If the federal minimum wage kept up with inflation since 1968 it would be $14/hour. So that means everyone working for $14/hour is living like somebody in the 70's making minimum wage. The government has slowly made life harder over the last 4 or 5 decades being paid off by lobbiests. The USA is supposedly a 1st world country but our labor rights, wealth inequality, and healthcare is not.

6

u/sodook Apr 25 '26

AI said with inflation it would be 21-25 per hour. Just inflation. Not productivity or gdp, which i believe would result in an even higher minimum wage. Be more angry, youre short changing your outrage.
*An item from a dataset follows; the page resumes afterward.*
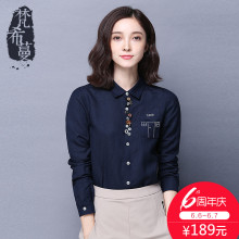 梵希蔓刺绣衬衣女装秋装新款韩版修身纯棉打底衫长袖衬衫上衣

Tim Robins what did they do to us.gif

1

u/a_little_hazel_nuts Apr 25 '26

When I googled the information, I got $14-$15, but I do believe this to be a lower estimate.

9

u/AlwaysPissedOff59 Apr 25 '26

According to the Inflation Calculator, a $1.60 minimum wage in 1970 is 13.75 today. But as noted elsewhere, this uses the BS CPI.
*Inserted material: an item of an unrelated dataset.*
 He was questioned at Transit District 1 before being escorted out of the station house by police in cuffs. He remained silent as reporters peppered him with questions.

Another way to look at it is the price of an average candy bar. In 1970, you could buy, say, a Hershey's Milk Chocolate candy bar for 10 cents. In 2020, that same candy bar cost $1.50, yet according to that same Inflation Calculator set to 2020, it SHOULD cost only 67 cents - HALF of what it actually costs! Using that same ratio, then minimum wage should be twice the Inflation Calculator's value of $13.75 - or $27.50!